Washington, D.C. – Several important provisions of the Patient Protection and Affordable Care Act go into effect today – six months after President Obama signed the bill into law – that make health coverage more accessible for families and individuals who would otherwise struggle to receive quality care. The provisions include:
• Extending Coverage for Young Adults
Under the new law, young adults will be allowed to stay on their parent’s plan until they turn 26 years old, providing savings for thousands of American families.
• Providing Free Preventive Care
All new plans must cover certain preventive services such as mammograms and colonoscopies without charging a deductible, co-pay or coinsurance.
• Prohibiting Insurance Companies from Rescinding Coverage
In the past, insurance companies could search for an error, or other technical mistake, on a customer’s application and use this error to deny payment for services when he or she got sick. The new law makes this illegal. During the health care debate, there were numerous media reports citing incidents of breast cancer patients suddenly losing coverage.

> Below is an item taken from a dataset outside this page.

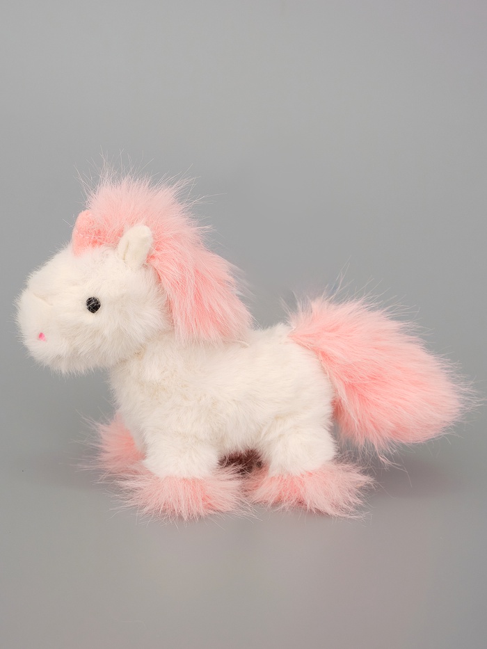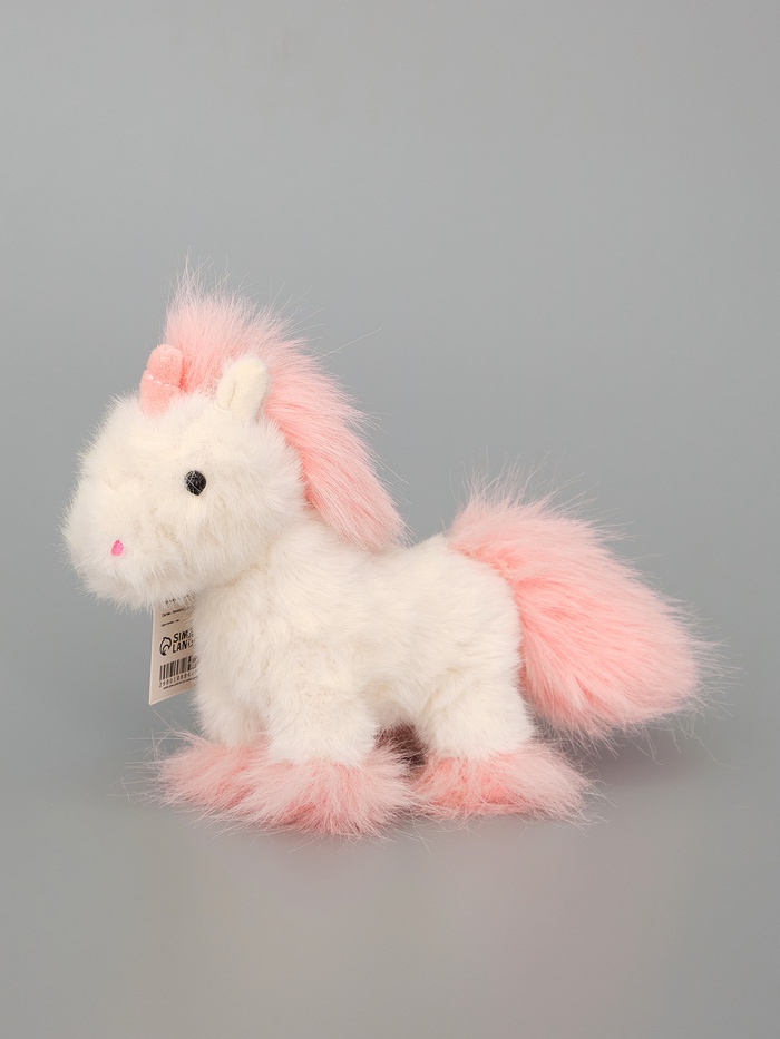 - Игрушка выполнена в виде милого единорога с яркой розовой гривой и хвостом, что добавляет ей игривости и уникальности.

• Appealing Insurance Company Decisions
The law provides consumers with a way to appeal coverage determinations or claims to their insurance company, and establishes an external review process.
• Eliminating Lifetime Limits on Insurance Coverage
Under the new law, insurance companies will be prohibited from imposing lifetime dollar limits on essential benefits, like hospital stays.
• Regulating Annual Limits on Insurance Coverage
Under the new law, insurance companies’ use of annual dollar limits on the amount of insurance coverage a patient may receive will be restricted for new plans in the individual market and all group plans. In 2014, the use of annual dollar limits on essential benefits like hospital stays will be banned for new plans in the individual market and all group plans.
• Prohibiting Denying Coverage of Children Based on Pre-Existing Conditions
The new law includes new rules to prevent insurance companies from denying coverage to children under the age of 19 due to a pre-existing condition.
Rep. Raúl M. Grijalva encouraged everyone to research the provisions and understand whether one or more of them apply to themselves or someone they know.
According to a May 2010 report from Families USA, almost 1.2 million Arizonans under age 65 have been diagnosed with a pre-existing health condition. Grijalva called the provision protecting children with pre-existing conditions from being denied coverage “a big step in the right direction” until a similar provision for adults goes into effect in 2014. The Families USA Report, Help for Arizonans With Pre-Existing Conditions, found approximately 105,200 people statewide between infancy and 17 years of age who have a pre-existing condition.
The group also found, in a separate report, that in 2009, “339,000 non-elderly Arizona residents with insurance were in families that spent more than 25 percent of their pre-tax income on health care.”
“The Affordable Care Act was designed to make our health care system more fair, accessible and affordable for the American people, and these measures are good examples of why we needed to pass it,” Grijalva said. “Far from the death panel rhetoric we’ve been hearing, these are the kinds of common-sense measures that make getting, keeping and affording health care easier for people all over the country. Now your insurance company can’t decide to drop you because you recently became sick, or charge you an arm and a leg for a preventive screening. It would be cruel to repeal these uncontroversial measures, and I look forward to hearing how they’re making life in Southern Arizona easier for countless families starting today.”